In later decades Balthus would develop what the New York Times calls a “romantic counter identity” which surely must rival Kellyanne Conway’s “alternative facts” as fudge of the century. Balthus airbrushed out his mother’s Jewish origins. He gave himself the title of Count de Rolle. At one point he claimed descent from Byron (that Scottish nanny) and the Gordons of Scotland. Polish royalty got mixed in for good measure. All lies, or fake news or whatever you want to call it. No substance. No evidence. But it does point to a willingness to change facts to fit an idea of himself. The unhinged never imagine themselves as Joe Soap: it’s always Napoleon or Alexander the Great. The urge to aggrandise, the Byronic cast, nonetheless, tells us a lot about the artist’s method – to turn base metal into gold – but also perhaps something about his approach to sexuality. Balthus was the kind of controlling pre-internet fantasist who might have believed his own schtick.

Invitation card to Balthus’ first solo exhibition in Paris, 1934

He was a quiet provocateur. His first solo show at age 26 in 1934 in the Galerie Pierre (Matisse, son of Henri) in Paris excited controversy. Exhibiting just seven canvases, none of which sold, Balthus felt his work had been wrongly roped in with the surrealists, in vogue at the time. The principal source of controversy was La leçon de guitare (1934), now in the private collection of the Niarchos shipping family and not seen publicly since 1977. It depicts a girl with arched back in the lap of her female teacher, whose hands appear to play the girl as though playing the guitar: one near her exposed crotch, another grasping her hair. Perhaps now is not the time to dust it off. The subject matter takes down the pegs on a long tradition of music lessons depicted as seduction scenes. The composition also blasphemously parodies a deposition from the cross, Pietà de Villeneuve-lès-Avignon, from circa 1455. Throughout his career Balthus liked to dress his girls – when he dressed them – in high-falutin’ clothes. As recently as 2001 the New York Times refused to reproduce the offending canvas which art critic Robert Hughes called “one of the few masterpieces among erotic paintings by Western artists in the last fifty years.”
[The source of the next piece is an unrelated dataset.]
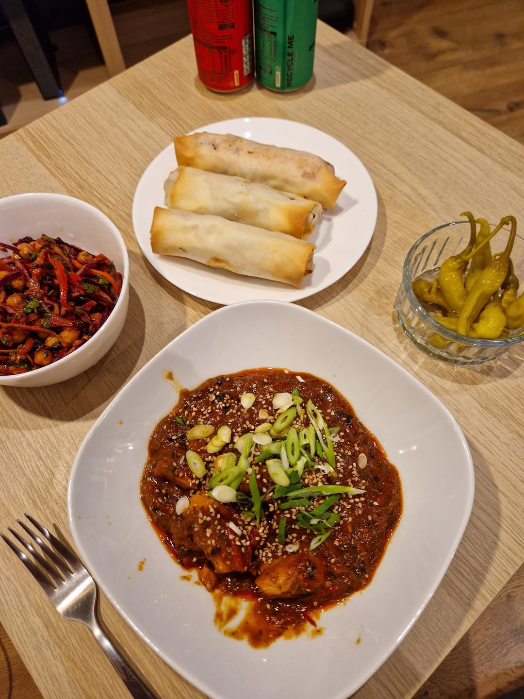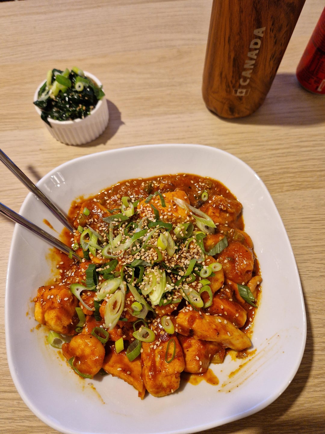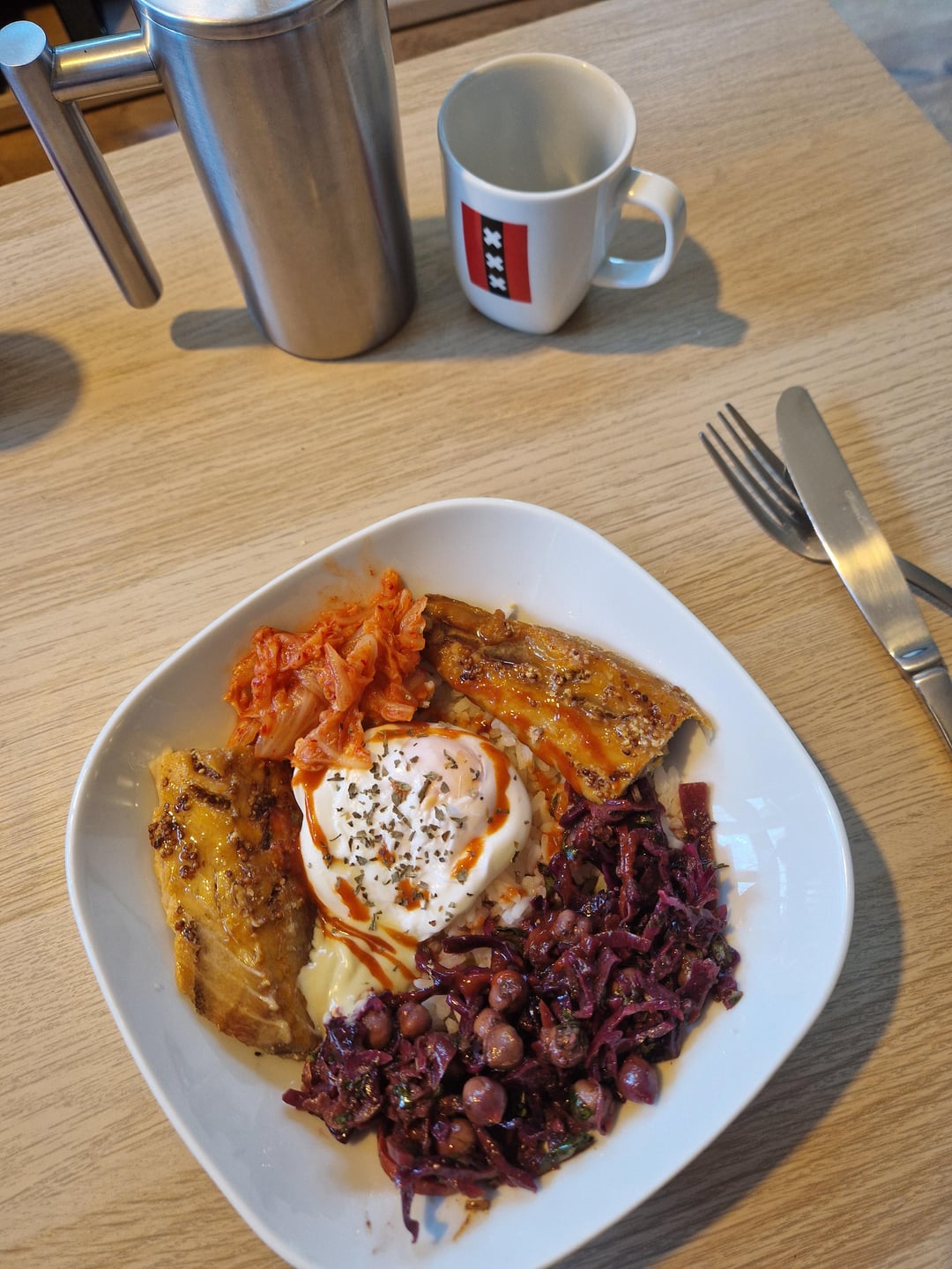 9. Leftovers rice bowl with smoked mackeral, kimchi and cabbage slaw

Study for La leçon de guitare, 1934

The Beyeler shows a number of canvases from that first 1934 exhibition. Two are of the Luxembourg Gardens (he was clearly an habitué of that Parisian playground) and one other street scene, in the Place de l’Odéon. They reveal motifs and idiosyncrasies that are to remain in the artist’s work throughout his career. We have a baker’s boy in white apron carrying a tray of bread on his head – he makes a further appearance in La Rue from 1933. Recurring also is a man with a ladder. In Le Jardin du Luxembourg from 1928, a youth in an Eton collar with a tennis racquet and a beret with a red pom-pom. A small girl strains to pick up a tennis ball. Balthus is learning to manipulate mystery, raising more questions than he answers, as his confidence and technique mature.

Balthus, Place de l’Odéon, 1928, private collection Paris

I particularly like this painting of the Place de l’Odéon because I sat often at that café terrace in the late Seventies and early Eighties. My agent at the time, Mary Kling, had her office, La nouvelle agence, up the street a bit towards the Luxembourg Gardens and I used to present myself with my paltry typewritten juvenilia, hoping she might offload them somewhere, anywhere… My nickname for her was “Kling-a-Ling” because of all those non-sequitur phone calls from the basements of cafés and streetside kiosks.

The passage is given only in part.